Jan Frederik Mohr

I’m a graduate of ETH Zurich, where I completed my bachelor’s and master’s degree in Electrical Engineering and Information Technology.

I’m highly curious and deeply fascinated by machine learning and data science applied to the financial markets.

Below, a collection of some of my personal projects is displayed, ranging from an interactive dividend dashboard, to an LLM-powered trading bot, to cloning actual doctors in their appearance and knowledge with an LLM and human-like avatars.
Enjoy!

PatientEd

Context

  • For high-volume operations like lasik eye surgery, doctors have to explain the same process to each patient and therefore need to repeat themselves a lot, which costs them a lot of valuable time that could have been used for more in-depth conversations with specific patients.

Idea

  • Creating a digital human-like avatar of the doctor and using an LLM that is grounded on a specific type of operation, like lasik eye surgery, the digital twin of the doctor can take over the repetitive tasks, saving him a substantial amount of time.

  • A few large clinics calculated that this solution could save them the time of one full-time doctor.

Solution

  • The video below shows a prototype version, which I programmed. We are in the role of Ms. Miller, who is being educated on lasik surgery.

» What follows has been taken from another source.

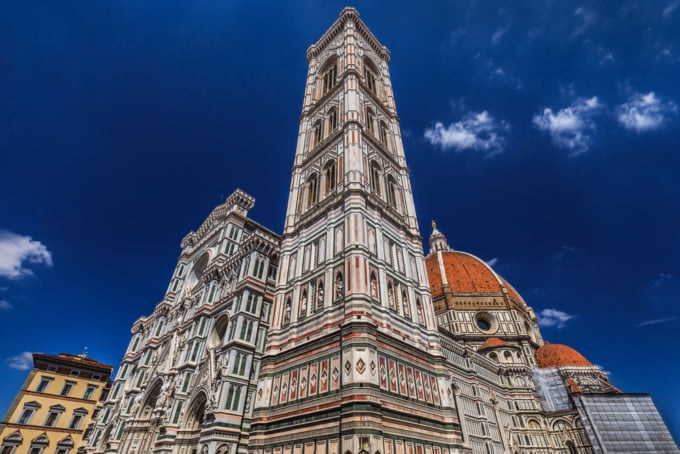 Una delle strutture più belle che risalta anche nell'incredibile città di Firenze, il Campanile di Giotto troneggia sul complesso della cattedrale di Firenze. L'architettura e gli intricati motivi che adornano la torre sono stupendi, ma la parte più mozzafiato è sicuramente la vista panoramica dall'alto. Anche se dovrai salire un totale di 414 gradini per arrivarci, ne vale la pena per la splendida vista sulla pittoresca città di Firenze.

  • The avatar answers with LLM-generated responses to our questions, specific to the type of operation.

Interactive Dividend Dashboard

A small project which displays key dividend metrics of companies in the major stock indices.
It was programmed in Python and the Streamlit library was used to create the front-end.

LLM-Powered Trading Bot

Context

  • There are Youtube channels with 500’000 followers or more, who sometimes post videos titled “The top 10 cryptocurrencies to invest in right now!”.

  • Subsequently the price of these cryptocurrencies rises up to 10% in a single day since thousands of people start buying them, directly after the video is released.

Idea

  • If we would directly know which cryptocurrencies are positively talked about, we could be the first one to buy them on the exchange and subsequently profit from the price increase.

Solution

  • I built a Flask web server application that subscribes to Youtube channels using POST requests to get immediately notified when a new video is uploaded.

  • Using the youtube-transcript-api library in Python, we can obtain the complete text that is spoken throughout the entire video as a string.

  • An LLM subsequently analyzes the entire string and outputs us a list with each cryptocurrency that was mentioned and a number of 1-10 specifying how positively it was mentioned.

  • Directly afterwards, the Python script executes buy orders on the Binance exchange for each cryptocurrency rated 8 or higher.